FareySequence[1000] is only 304193 elements long, plenty short enough to store in memory, so just calculate the sequence once then access the elements for a speed up.

fs = 304193*FareySequence[1000];

Then notice that the elements of FareySequence are monotonically increasing, so if you take element fs[[i]] and the preceding element, fs[[i-1]] has a distance father than 1 from f[[i]] you don't need to test any of the elements earlier in the sequence. So instead of testing j from 0 to i, test j from i-1 down and break every time your condition isn't met.

For[
 i = 1, i < 304193, i++,
 For[j = (i - 1), j > 0, j--,
  If[(fs[[i]] - fs[[j]]) < 1, count++, Break[]]
  ];
 ]

Print[count]

232074

This completes in just under 2 seconds.

Here's a more mathematica-like ('functional') solution that doesn't work very quickly:

First write a function that takes a sequence then uses TakeWhile to traverse all of the sequence except for the last element using the last element for the comparison and breaking if the difference between the two elements is larger than lim, Length counts the length of this list.

countBelowWithin[seq_, lim_:1] := 
  Length@TakeWhile[Reverse[Most[seq]], Last[seq] - # < lim &];

Then use Table to take subsequences of the full sequence and pass them to countBelowWithin. The resulting table will be the number of elements that met the criteria for that subsequence, so Total adds those for a total number of elements meeting the criteria.

With[
 {a = fs[[;; 10000]]},
 Total[
  Table[
   countBelowWithin[a[[;; i]]]
   , {i, 2, Length@a}
   ]
  ]
 ]

I use the With to isolate a portion of the sequence fs for testing purposes.

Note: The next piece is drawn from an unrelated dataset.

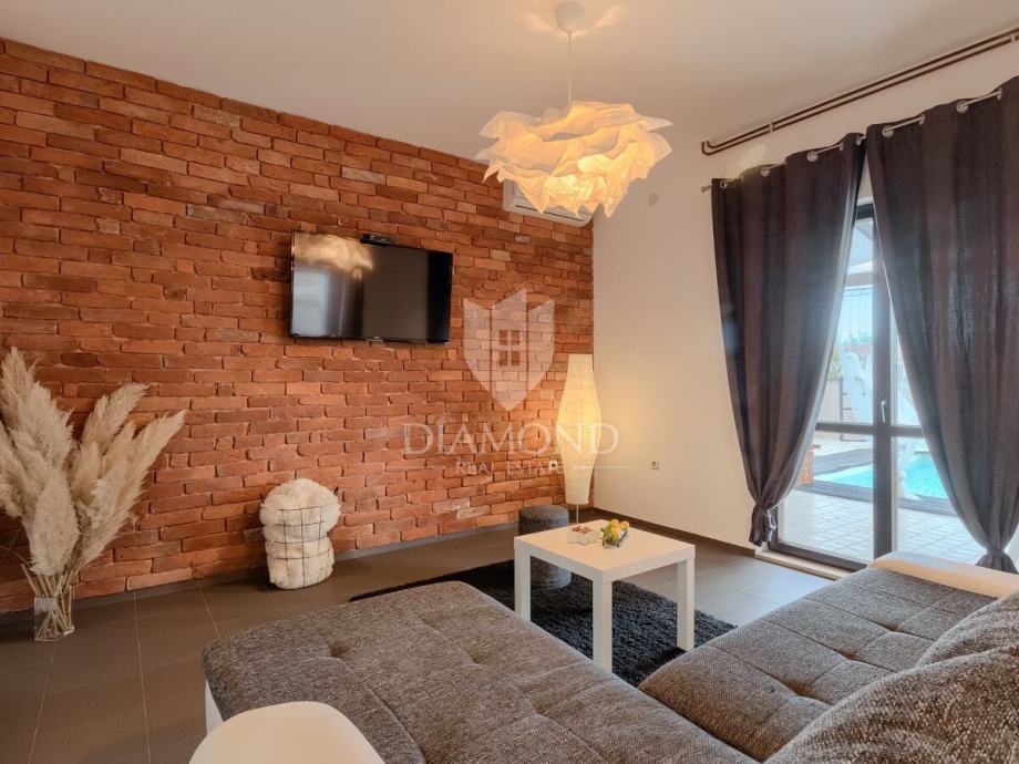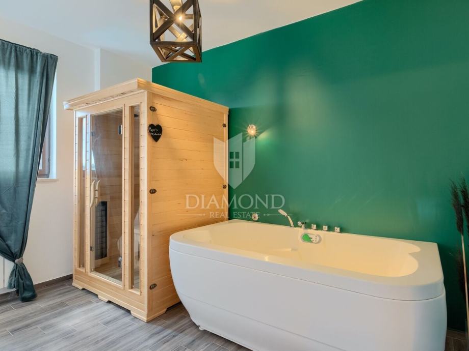 Kuća se sastoji od podruma, prizemlja i kata ukupne površine 250 m2. Na katu se nalaze tri spavaće sobe, dvije kupaonice, wellness zona sa hidromasažnom kadom i saunom te soba za biljar. Iz prostorije za wellness izlazimo na prostranu natkrivenu terasu gdje se nalazi jacuzzi kada i lounge dio sa prekrasnim pogledom na okolni krajolik i dijelić mora. Prizemlje obuhvaća komforan dnevni boravak, potpuno opremljenu kuhinju i blagovaonicu. Tu se nalaze i tri spavaće sobe, tri kupaonice i gostinjski toalet. Pitanje grijanja i hlađenja riješeno je klima uređajima i centralnim grijanjem na pelete. Podrum trenutno služi kao skladišni prostor a tu se nalazi i strojarnica bazena te kotlovnica.

Very often the functional solution can be quicker - in this case it's not. It is often less error prone as you can think in bigger concepts than indices. In this case you'd probably need to think a little more if you wanted a functional solution that worked in a reasonable time.

If you interested in learning more, there's a lot of fundamentals in here Part i.e. ...[[;;]], Table, TakeWhile. I'd start just reading the docs on this stuff, as well as the links other posters provided.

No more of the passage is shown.